効果が現れる期間は、症状や体質、生活習慣によって個人差がありますが、一般的には1ヶ月程度の服用で効果の有無を判断します。
慢性的な症状の場合、効果を実感するまでにもう少し時間がかかることもあります。

5年以上など、長期間にわたって症状が続いている場合でも、体質に合った漢方薬であれば改善が期待できます。

Q2. 市販の塗り薬や西洋薬と併用しても問題ありませんか?

自己判断での併用は避けてください。
漢方薬と西洋薬、あるいは他の薬を一緒に服用すると、成分が重複して作用が強く出すぎたり、予期せぬ副作用を招いたりする可能性があります。

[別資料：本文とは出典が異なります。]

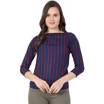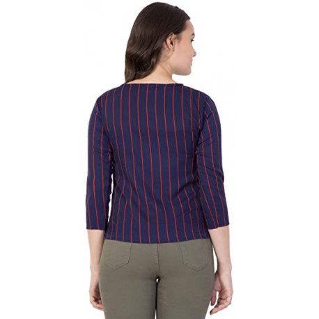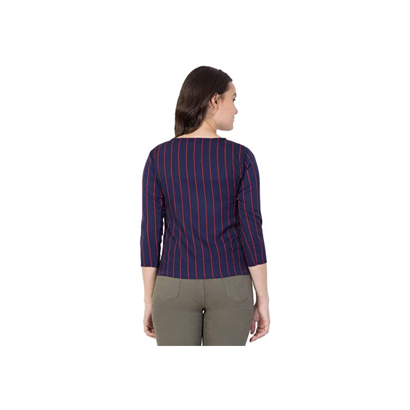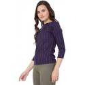 Vog Studio Women Casual Top, Royal Blue Stripe Top,3/4 Sleeves

特に、便秘薬や血圧の薬などを服用している場合は注意が必要です。
薬を併用したい場合は、必ず医師や薬剤師、登録販売者に相談してください。

Q3. 漢方薬を飲む以外に、日常生活でできるセルフケアはありますか?

食物繊維の多い食事や水分摂取を心がけ、便通を整えることが痔の改善の基本です。
また、長時間同じ姿勢でいることを避け、適度な運動で血行を促進しましょう。

体を冷やさないように入浴で温めたり、排便後は強く拭かずに優しく洗浄したりすることも大切です。
これらのセルフケアを漢方薬と組み合わせることで、より効果的な改善が期待できます。

まとめ

いぼ痔の改善には、体の内側からアプローチする漢方薬が有効な選択肢となります。
代表的な「乙字湯」をはじめ、症状や体質に合わせて「桃核承気湯」や「桂枝茯苓丸」などを使い分けることが重要です。
市販薬も多数ありますが、服用する際はまず1ヶ月を目安に効果を確認し、改善が見られない、あるいは悪化する場合には専門医の受診が必要です。

まれに、痔ろうのように手術が必要なケースもあるため、自己判断で長期間放置することは避けてください。
生活習慣の見直しと並行して、自分に合った漢方薬を上手に活用し、つらい症状の改善を目指しましょう。